For purposes of comparison we may give some idea of the forces which Mr.
Kruger and Mr. Steyn could put in the field, for by this time it was evident
that the Orange Free State, with which we had had no shadow of a dispute,
was going, in a way which some would call wanton and some chivalrous, to
throw in its weight against us. The general press estimate of the forces of
the two republics varied from 25,000 to 35,000 men. Mr. J. B. Robinson, a
personal friend of President Kruger's and a man who had spent much of his
life among the Boers, considered the latter estimate to be too high. The
calculation had no assured basis to start from. A very scattered and
isolated population, among whom large families were the rule, is a most
difficult thing to estimate. Some reckoned from the supposed natural
increase during eighteen years, but the figure given at that date was itself
an assumption. Others took their calculation from the number of voters in
the last presidential election: but no one could tell how many abstentions
there had been, and the fighting age is five years earlier than the voting
age in the republics. We recognise now that all calculations were far below
the true figure. It is probable, however, that the information of the
British Intelligence Department was not far wrong. According to this the
fighting strength of the Transvaal alone was 32,000 men, and of the Orange
Free State 22,000. With mercenaries and rebels from the colonies they would
amount to 60, 000, while a considerable rising of the Cape Dutch would bring
them up to 100,000. In artillery they were known to have about a hundred
guns, many of them (and the fact will need much explaining) more modern and
powerful than any which we could bring against them. Of the quality of this
large force there is no need to speak. The men were brave, hardy, and fired
with a strange religious enthusiasm. They were all of the seventeenth
century, except their rifles. Mounted upon their hardy little ponies, they
possessed a mobility which practically doubled their numbers and made it an
impossibility ever to outflank them. As marksmen they were supreme. Add to
this that they had the advantage of acting upon internal lines with shorter
and safer communications, and one gathers how formidable a task lay before
the soldiers of the empire. When we turn from such an enumeration of their
strength to contemplate the 12,000 men, split into two detachments, who
awaited them in Natal, we may recognise that, far from bewailing our
disasters, we should rather congratulate ourselves upon our escape from
losing that great province which, situated as it is between Britain, India,
and Australia, must be regarded as the very keystone of the imperial arch.

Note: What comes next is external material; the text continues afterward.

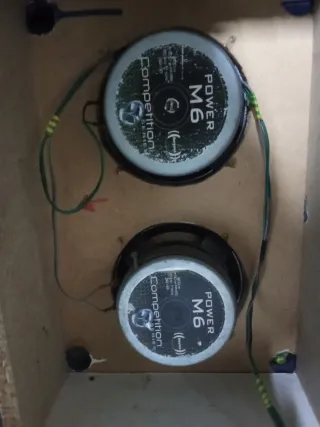 Altavoces Beyma de altísima calidad Dos beyma 6mi90, Tweeter beyma cp22, y filtro beyma f-100 que corta en 5khz. Cajas caseras puedo enviar video de ellas y sonando. Tiene un único problema y es que uno de los 6mi90 de uno de los altavoces suena más bajo. Puedo arreglarlo si se necesita. Posibilidad de vender piezas La mejor calidad que se puede tener solo los Tweeter ya valen 80€ cada uno Palabras clave: altavoces, Woofer, sonido, equipo, car audio, etapa, música, das audio, hk audio.

At the risk of a tedious but very essential digression, something must be
said here as to the motives with which the Boers had for many years been
quietly preparing for war. That the Jameson raid was not the cause is
certain, though it probably, by putting the Boer Government into a strong
position, had a great effect in accelerating matters. What had been done
secretly and slowly could be done more swiftly and openly when so plausible
an excuse could be given for it. As a matter of fact, the preparations were
long antecedent to the raid. The building of the forts at Pretoria and
Johannesburg was begun nearly two years before that wretched incursion, and
the importation of arms was going on apace. In that very year, 1895, a
considerable sum was spent in military equipment.

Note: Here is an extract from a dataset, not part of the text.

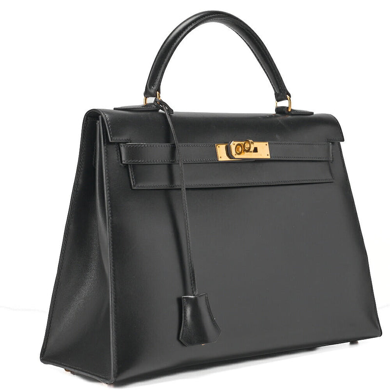 Pre-Owned Kelly 32 Handbag Box Calf Black Black Exterior Stitching Gold-Tone Hardware, Pre-Owned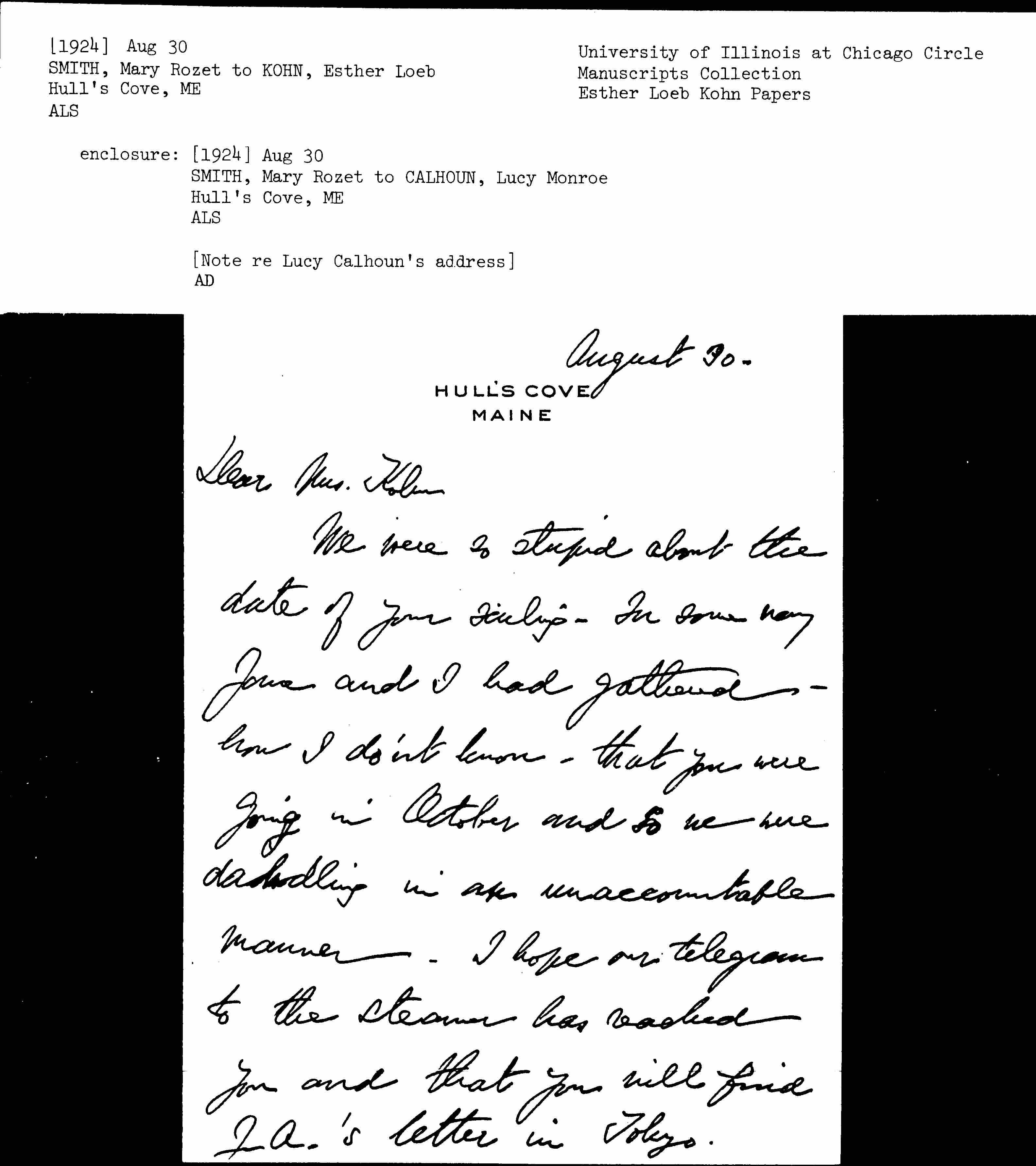 We were so stupid about the date of your sailing. In some way Jane and I had gathered -- how I don't know -- that you were going in October and so we were [dawdling] in an unaccountable manner. I hope our telegram to the steamer has reached you and that you will find J. A.'s letter in Tokyo. [page 2]

But if it was not the raid, and if the Boers had no reason to fear the
British Government, with whom the Transvaal might have been as friendly as
the Orange Free State had been for forty years, why then should they arm? It
was a difficult question, and one in answering which we find ourselves in a
region of conjecture and suspicion rather than of ascertained fact. But the
fairest and most unbiased of historians must confess that there is a large
body of evidence to show that into the heads of some of the Dutch leaders,
both in the northern republics and in the Cape, there had entered the
conception of a single Dutch commonwealth, extending from Cape Town to the
Zambesi, in which flag, speech, and law should all be Dutch. It is in this
aspiration that many shrewd and well-informed judges see the true inner
meaning of this persistent arming, of the constant hostility, of the forming
of ties between the two republics (one of whom had been reconstituted and
made a sovereign independent State by our own act), and finally of that
intriguing which endeavoured to poison the affection and allegiance of our
own Dutch colonists, who had no political grievances whatever. They all
aimed at one end, and that end was the final expulsion of British power from
South Africa and the formation of a single great Dutch republic. The large
sum spent by the Transvaal in secret service money--a larger sum, I believe,
than that which is spent by the whole British Empire--would give some idea
of the subterranean influences at work. An army of emissaries, agents, and
spies, whatever their mission, were certainly spread over the British
colonies. Newspapers were subsidised also, and considerable sums spent upon
the press in France and Germany.
In the very nature of things a huge conspiracy of this sort to substitute
Dutch for British rule in South Africa is not a matter which can be easily
and definitely proved. Such questions are not discussed in public documents,
and men are sounded before being taken into the confidence of the
conspirators. But there is plenty of evidence of the individual ambition of
prominent and representative men in this direction, and it is hard to
believe that what many wanted individually was not striven for collectively,
especially when we see how the course of events did actually work towards
the end which they indicated. Mr. J. P. FitzPatrick, in 'The Transvaal from
Within'--a book to which all subsequent writers upon the subject must
acknowledge their obligations--narrates how in 1896 he was approached by Mr.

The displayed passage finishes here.